Open Weights or Open Source AI?

Shamar · September 26, 2024, 3:49pm

The problem with OSAID 0.0.9 is not that it doesn’t match a truly open AI system, but that it can be satisfied by many black boxes too.

Luckily we could let them declare their work as Open Source AI, without compromising on its quality!

As far as you said, NII’s LLM matches even the alternative definition that I proposed days ago:

The preferred form of making modifications to a machine-learning system is:

Source Data: All the data used to train the system must be available for use by the public either under licenses that comply with the Open Source Definition or under the same legal terms that allowed their use to train the system in the first place, so that a skilled person can recreate an exact copy of the system using the same data.

For example, if used, this would include the training data sets used and the checksum that grant their integrity, the values obtained from random sources during the training process and any other data required to compute the weights distributed with the system.
If any part of the source data cannot be distributed by the developers, it can be referenced with URL, timestamp and hash as long as it stays available to the public under the same terms that allowed its use in training.
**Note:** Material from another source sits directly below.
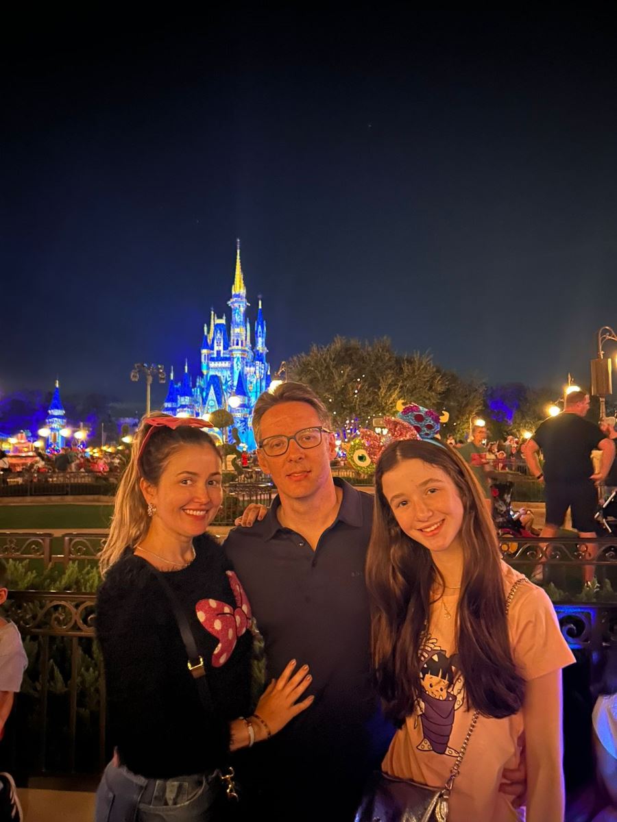 Rafaella e Erik Kleinberg aproveitando ao máximo a temporada de diversão e adrenalina por Orlando, acompanhados dos filhos, Nicole e Robert, e das amigas da família Thina e Lara Pimenta.

Processing Information: Sufficiently detailed information about the process used to train the system from the source data, so that a skilled person can recreate an exact copy of the system using the same data. Processing information shall be made available with licenses that comply with the Open Source Definition.

For example, if used, this would include the training methodologies and techniques, how to retrieve the source data and check their integrity, the labeling procedures and data cleaning methodologies, and any other information required to compute the weights distributed with the system from the source data.

Source Code: The source code used to train and run the system, made available with licenses that comply with the Open Source Definition.

For example, if used, this would include code used for pre-processing data, code used for training, validation and testing, supporting libraries like tokenizers and hyperparameters search code, inference code, and model architecture.

Weights: The model weights and parameters, made available with licenses that comply with the Open Source Definition.

For example, this might include checkpoints from key intermediate stages of training as well as the final optimizer state.

So NII’s LLM proves that such definition (maybe with better wording? I’m a non-native English speaker too! ) would be viable, as it’s ready by 24 October, and it would not define an empty set.